Source records
######

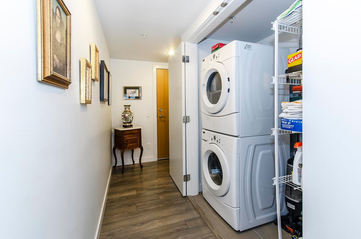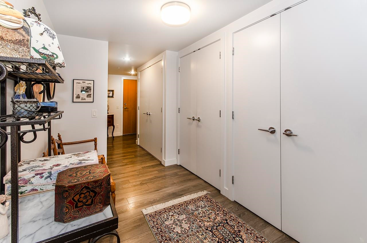 Blissfully private, impressively bright, wonderfully spacious. Built to Leed standards with in-floor hydronic radiant heat, this corner unit features south-west exposure and an open floorplan. The colour scheme is neutral and bright with laminate flooring in the living areas, spacious rooms and a 17'2 by 8'1 ft balcony. The gourmet kitchen features s/s appliances, contemporary kitchen cabinets w/frosted glass uppers, soft close mechanisms , and quartz counters in kitchen to match baths. Walk to Shipbuilders Square, The Quay, galleries and restaurants, or take the seabus downtown. Or relax on the rooftop deck by the open fire table and soak up the view of the Harbour and Downtown.
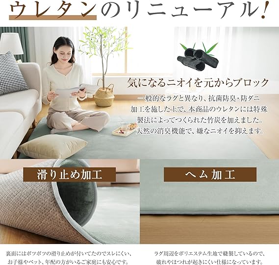 【抗菌・防臭・防ダニ・滑り止め加工】お子様やペットがいるご家庭でも安心してお使いいただけるよう、本商品には抗菌防臭・防ダニ加工を施しています。さらに、ウレタンには特殊製法でつくられた竹炭を配合しており、天然の消臭効果で気になるニオイを元からしっかりブロックします。 また
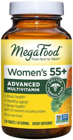 MegaFood Women’s 55+ Advanced Multivitamin for Women – Doctor-Formulated with Choline, Vitamin D3, Vitamin B12, Biotin – Plus Real Food – Optimal Aging, Vegetarian – 120 Tabs (60 Servings)
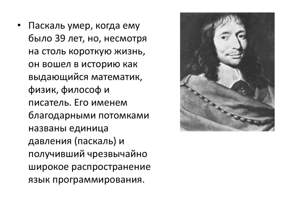 • Паскаль умер, когда емубыло 39 лет, но, несмотря
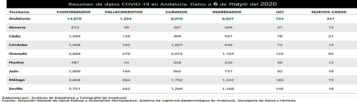 La Consejería Salud y Familias informa del aumento de 45 nuevos casos de Coronavirus en las últimas horas en Andalucía. Así se refleja en el comunicado del Coronavirus de fecha 7 de mayo 2020, en el que la Consejería Salud y Familias informa que se han confirmado en Andalucía 231 nuevos casos de Coronavirus en las últimas horas, por lo que el número total de afectados en nuestra Comunidad asciende a 14.870.
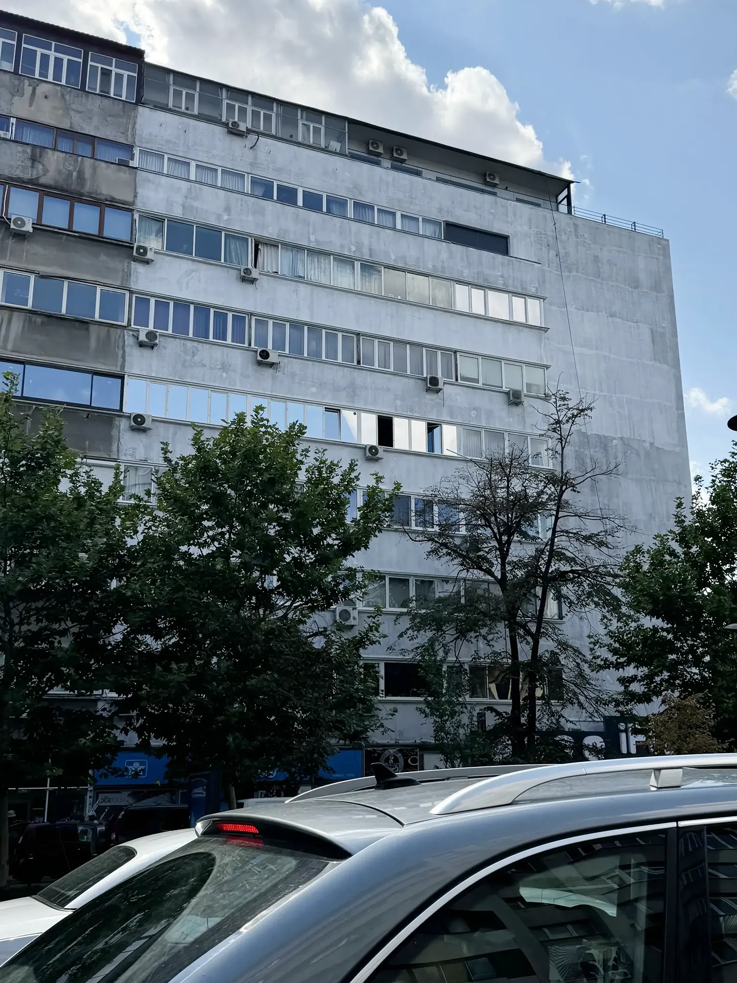 Blocul de la Nicolae Bălcescu 35 din centrul orașului, cam vizavi de cinema Scala, a fost acum câteva luni învelit într-o mare folie de șantier pe care scria cu litere de o șchioapă “Aici nu mai cade tencuiala”.
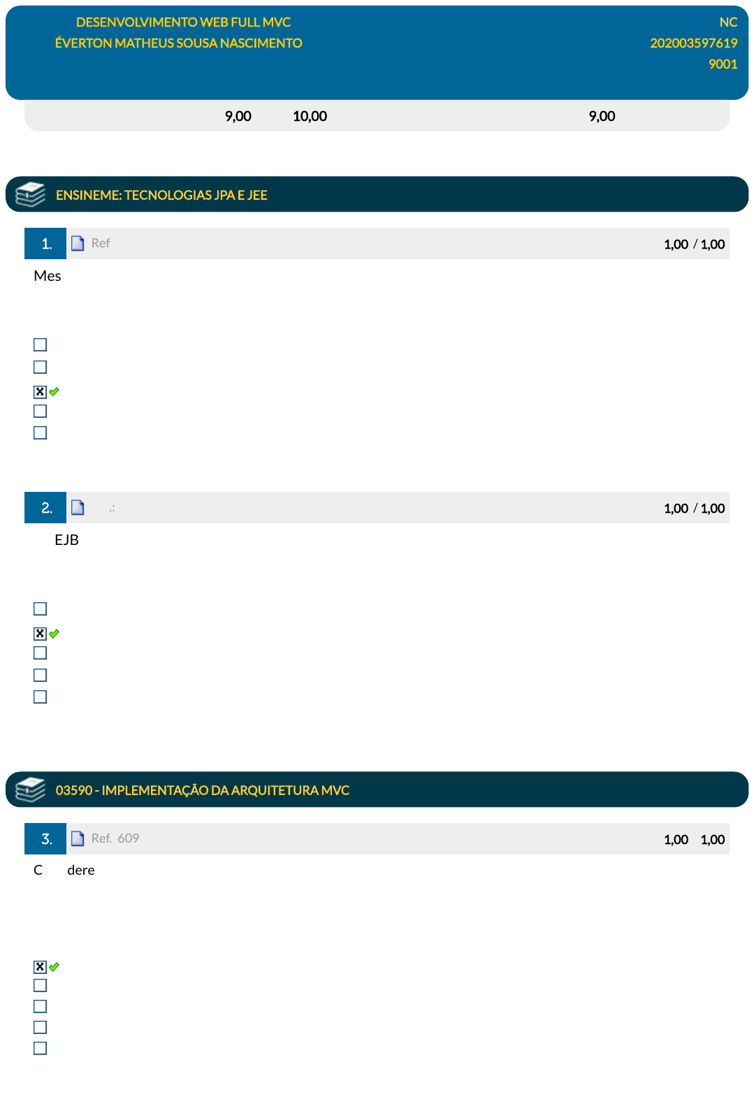 Avaliação: 9,00 pts de 10,00 Nota SIA: 9,00 pts
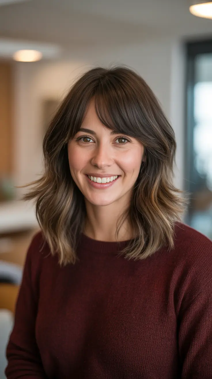 In my opinion, this would be among the most adaptable Ideas of brunettes in 2026. It is working in the case of growing out a shorter bob and it is working in the case of cut-off length because it is damaged and it is working in the case of you just want it to sound polished, but not aggressive. Most experts discuss the process of picture framing your face and lightly illuminating extremities, and this cut is biased towards that aspect. It is pleasant, hair that is easy to approach, which at times is precisely what we require.
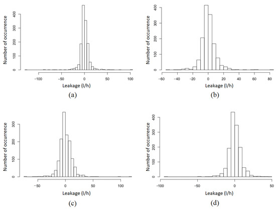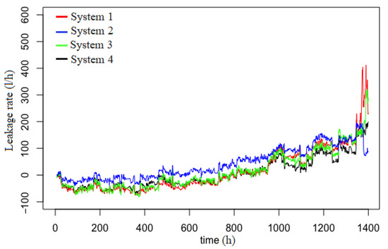 The main focus is only on the data describing the leak rate of seal pumps which constitute the degradation indicator. As soon as the seal’s leak rate of one of the pumps exceeds a limit set at around 1400 L/h, the system is stopped (more or less quickly) and the seal of the pump under consideration is replaced. This event technically represents the failure of the pump seal. An alarm threshold has been set at a leak rate of approximately 1100 L/h, in order to alert the operator early enough of a possible degradation of one of the seals and to be able to modify the operating conditions of the unit or carry out a maintenance operation to avoid breakdowns. The task after analyzing the data is to adapt an appropriate model that best describes the degradation phenomena, give a precise prognostic, and thereby propose an efficient maintenance policy. Finally, it is essential to verify the data in order to obtain the behaviour of the system. On the basis of Figure 3, it is shown that the different histograms of the four systems increments are symmetrical in all cases. The peaks represent the most common values and it can be observed that data dissemination varies but not significantly.
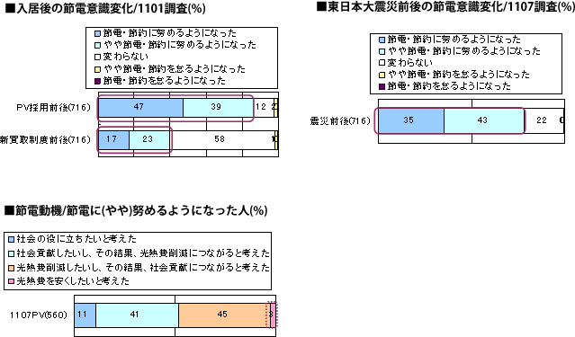 2011年1月の調査では「節電・節約に(やや)努めるようなった」はPV採用前・後で86%、余剰電力の新買取制度開始前・後では40%と、節電・節約意識はかなり高まることが確認されていましたが、今回の調査では、震災後、「節電・節約に努めるようになった」35%、「やや努めるようになった」43%と、更に節電努力を重ねていることが明らかになりました。
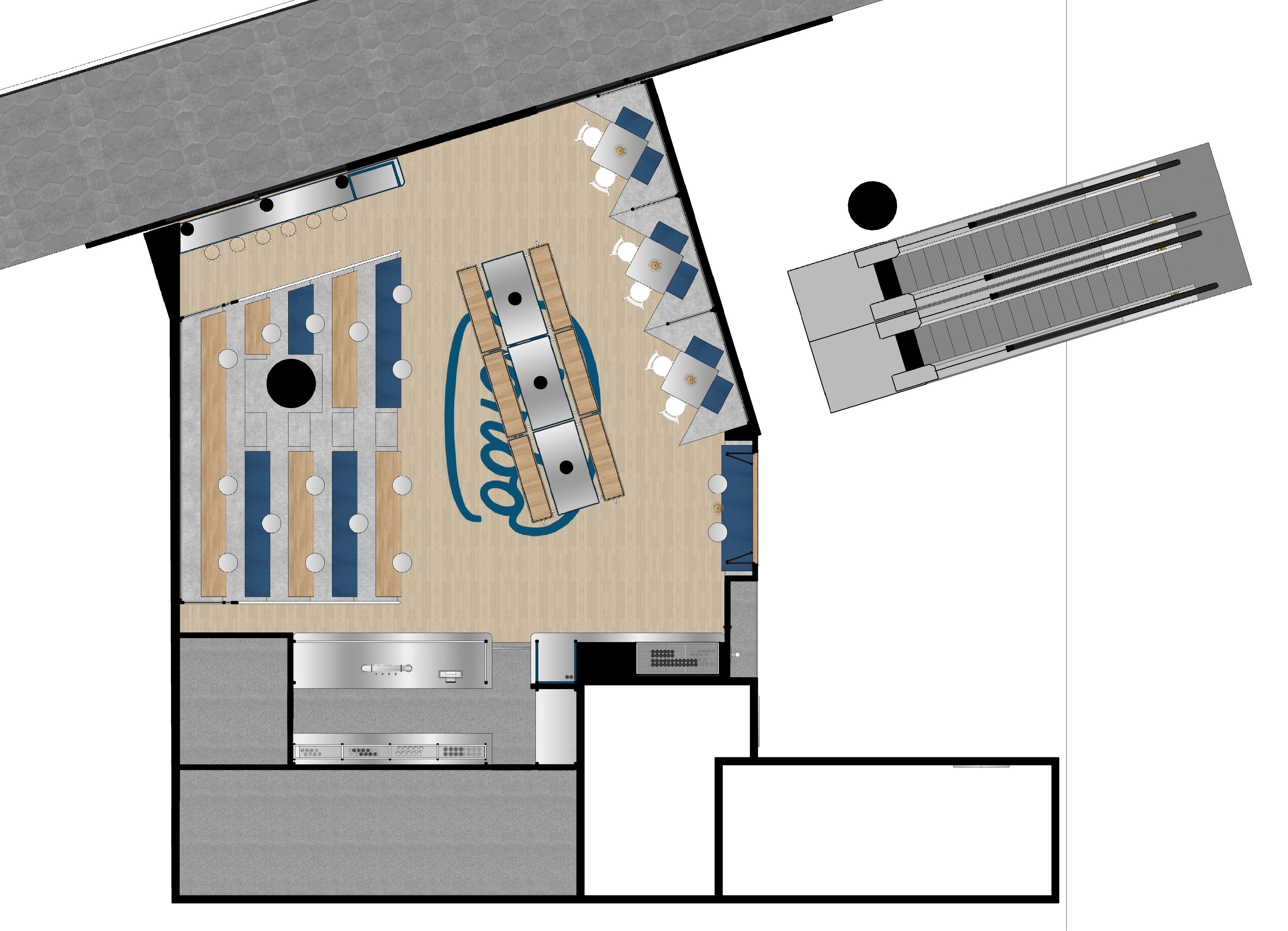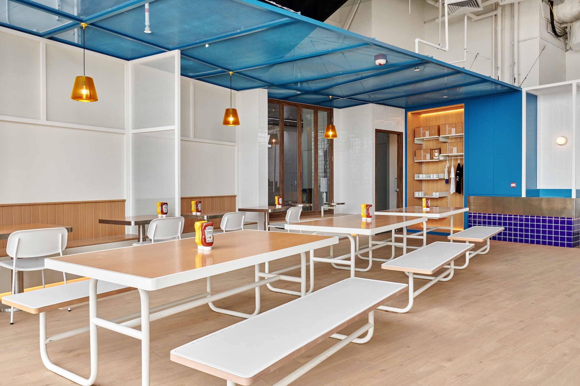 Honbo Macau proudly embraces the signature design elements that define the brand, including the iconic Honbo Blue, Oak timber features, metal mesh detailing, ceramic tiles, crisp white walls, concrete finishing, and vibrant neon lights, consistently found across all Honbo locations. Drawing inspiration from the iconic White Castle hamburger shops of the United States in the early 1930s, the interior design exudes a sleek and streamlined aesthetic.

######

> [WHAT THIS TASK INVOLVES]: The data above must be reproduced exactly, without any of its pictures.

> [EXERCISE SOLUTION]:
 Blissfully private, impressively bright, wonderfully spacious. Built to Leed standards with in-floor hydronic radiant heat, this corner unit features south-west exposure and an open floorplan. The colour scheme is neutral and bright with laminate flooring in the living areas, spacious rooms and a 17'2 by 8'1 ft balcony. The gourmet kitchen features s/s appliances, contemporary kitchen cabinets w/frosted glass uppers, soft close mechanisms , and quartz counters in kitchen to match baths. Walk to Shipbuilders Square, The Quay, galleries and restaurants, or take the seabus downtown. Or relax on the rooftop deck by the open fire table and soak up the view of the Harbour and Downtown.
 【抗菌・防臭・防ダニ・滑り止め加工】お子様やペットがいるご家庭でも安心してお使いいただけるよう、本商品には抗菌防臭・防ダニ加工を施しています。さらに、ウレタンには特殊製法でつくられた竹炭を配合しており、天然の消臭効果で気になるニオイを元からしっかりブロックします。 また
 MegaFood Women’s 55+ Advanced Multivitamin for Women – Doctor-Formulated with Choline, Vitamin D3, Vitamin B12, Biotin – Plus Real Food – Optimal Aging, Vegetarian – 120 Tabs (60 Servings)
 • Паскаль умер, когда емубыло 39 лет, но, несмотря
 La Consejería Salud y Familias informa del aumento de 45 nuevos casos de Coronavirus en las últimas horas en Andalucía. Así se refleja en el comunicado del Coronavirus de fecha 7 de mayo 2020, en el que la Consejería Salud y Familias informa que se han confirmado en Andalucía 231 nuevos casos de Coronavirus en las últimas horas, por lo que el número total de afectados en nuestra Comunidad asciende a 14.870.
 Blocul de la Nicolae Bălcescu 35 din centrul orașului, cam vizavi de cinema Scala, a fost acum câteva luni învelit într-o mare folie de șantier pe care scria cu litere de o șchioapă “Aici nu mai cade tencuiala”.
 Avaliação: 9,00 pts de 10,00 Nota SIA: 9,00 pts
 In my opinion, this would be among the most adaptable Ideas of brunettes in 2026. It is working in the case of growing out a shorter bob and it is working in the case of cut-off length because it is damaged and it is working in the case of you just want it to sound polished, but not aggressive. Most experts discuss the process of picture framing your face and lightly illuminating extremities, and this cut is biased towards that aspect. It is pleasant, hair that is easy to approach, which at times is precisely what we require.
 The main focus is only on the data describing the leak rate of seal pumps which constitute the degradation indicator. As soon as the seal’s leak rate of one of the pumps exceeds a limit set at around 1400 L/h, the system is stopped (more or less quickly) and the seal of the pump under consideration is replaced. This event technically represents the failure of the pump seal. An alarm threshold has been set at a leak rate of approximately 1100 L/h, in order to alert the operator early enough of a possible degradation of one of the seals and to be able to modify the operating conditions of the unit or carry out a maintenance operation to avoid breakdowns. The task after analyzing the data is to adapt an appropriate model that best describes the degradation phenomena, give a precise prognostic, and thereby propose an efficient maintenance policy. Finally, it is essential to verify the data in order to obtain the behaviour of the system. On the basis of Figure 3, it is shown that the different histograms of the four systems increments are symmetrical in all cases. The peaks represent the most common values and it can be observed that data dissemination varies but not significantly.
 2011年1月の調査では「節電・節約に(やや)努めるようなった」はPV採用前・後で86%、余剰電力の新買取制度開始前・後では40%と、節電・節約意識はかなり高まることが確認されていましたが、今回の調査では、震災後、「節電・節約に努めるようになった」35%、「やや努めるようになった」43%と、更に節電努力を重ねていることが明らかになりました。
 Honbo Macau proudly embraces the signature design elements that define the brand, including the iconic Honbo Blue, Oak timber features, metal mesh detailing, ceramic tiles, crisp white walls, concrete finishing, and vibrant neon lights, consistently found across all Honbo locations. Drawing inspiration from the iconic White Castle hamburger shops of the United States in the early 1930s, the interior design exudes a sleek and streamlined aesthetic.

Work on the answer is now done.